Unnamed: 0,year,month,monthly_average_co2,de-seasonalized_co2,time
514,2001.0,1.0,370.76,370.6,2001-01-01
515,2001.0,2.0,371.69,370.95,2001-02-01
516,2001.0,3.0,372.63,371.06,2001-03-01
517,2001.0,4.0,373.55,370.99,2001-04-01
518,2001.0,5.0,374.03,371.11,2001-05-01
519,2001.0,6.0,373.4,371.17,2001-06-01
520,2001.0,7.0,371.68,371.08,2001-07-01
521,2001.0,8.0,369.78,371.39,2001-08-01
522,2001.0,9.0,368.34,371.61,2001-09-01
523,2001.0,10.0,368.61,371.85,2001-10-01


 One reason groupby is so useful is that we can perform actions on this group of data that we pull out of our set.

##### **a)** Choose three years throughout the dataset to compare the average co2 concentration using the function mean() (see toolbox). What do you notice about the relationship between these concentrations?

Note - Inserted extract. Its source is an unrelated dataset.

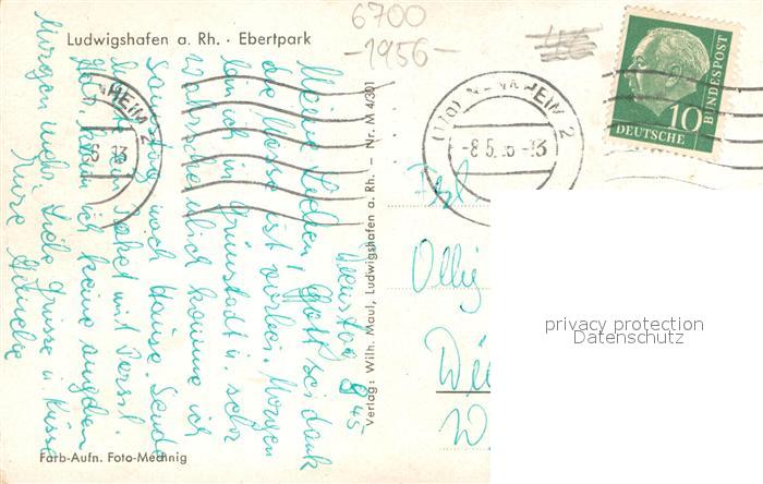 73694625 alte Postkarte Ludwigshafen Rhein Ebertpark Bogenschuetze Skulptur postalisch gelaufen Erhaltung siehe scans [FriedD77] KatCode: 11110007314000

Instead of getting the group for a particular year, we can perform similar averaging operations on all of the groups. By doing the following.

In [None]:
df_co2_annual = df_co2.groupby('year')['monthly_average_co2'].mean()

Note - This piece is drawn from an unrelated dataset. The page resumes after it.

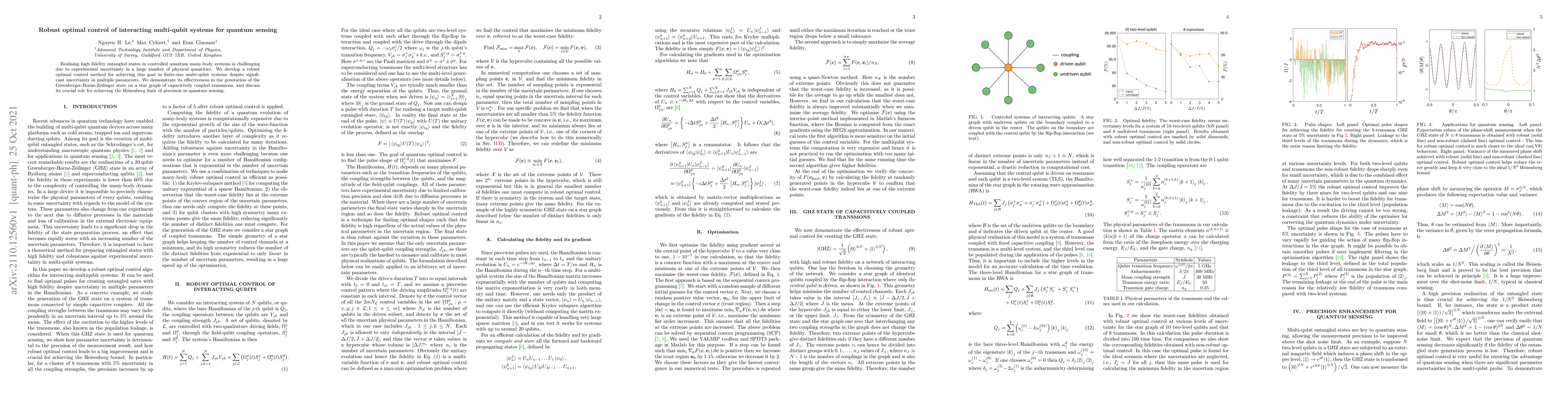 This paper presents a robust optimal control method for generating high fidelity entangled states in multi-qubit systems despite experimental uncertainties. The method is demonstrated to effectively create the Greenberger-Horne-Zeilinger state on a star graph of capacitively coupled transmons, crucial for reaching the Heisenberg limit in quantum sensing.

##### **b)** What does df_co2_annual look like? What does each row represent? Visualize this dataframe with a plot.

#### **6)** Selecting Groups of Groupby Subsets

There are many different subsets of data that one could be interested in in a timeseries such as the CO<sub>2</sub> dataset we have been working with. Let's look at data from 2000 to 2011 to see what the recent CO<sub>2</sub> values look like. The following code selects a subset of the whole dataset. It does this by making a list of the years that you want to select. It then goes through each year in this list grabs all of the data in this year using groupby and adds it to our subset dataframe. In this code, you will only need to modify the year range that you want.


In [None]:
years = range(2000, 2011)  #make a list of years from 2000 up until not including 2011
df_subset = pd.DataFrame()  #make an empty data frame to put our new values in

#For loop to go through all of the years of interest, pull the data from those years and store it in our empty dataset
for i in years:
  df_subset = pd.concat([df_subset,df_co2.groupby('year').get_group(i)])

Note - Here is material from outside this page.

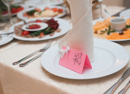 Proste, a zarazem przydatne uzupełnienie stołu. Warto zawczasu pomyśleć o rozsadzeniu gości podczas przyjęcia, by nie doszło do niepotrzebnych kłótni lub wymiany zdań. Winietki możesz przygotować z białego, grubego papieru. Wycinamy prostokąt, zginamy na pół, dekorujemy w dowolny sposób (gotowymi dodatkami lub naklejkami), wpisujemy imię i gotowe. Jeśli to przyjęcie urodzinowe lub spotkanie w ogrodzie możesz wydrukować na białym papierze gotowy wzór – z modnymi ostatnio flamingami, ananasami, kaktusami i również wyciąć.

##### **a)** Plot the co2 datasets for the years between 2013 to 2023

#### **7)** Making Predictions

The dataframe that we generated in the last section on creating subsets is just like the dataframes we have been working with in both assignment 1 and the rest of this assignment. As such, we can perform a linear fit on it just as we have done with other dataframes


##### **a)** Chosing various subsets of the data, discuss how the rate of change of CO2 concentration has changed over time?


##### **b)** Predict the CO2 concentration in 2050. Explain how you did this and why you made the decisions that you did in your method. (There is not one correct way to do this.)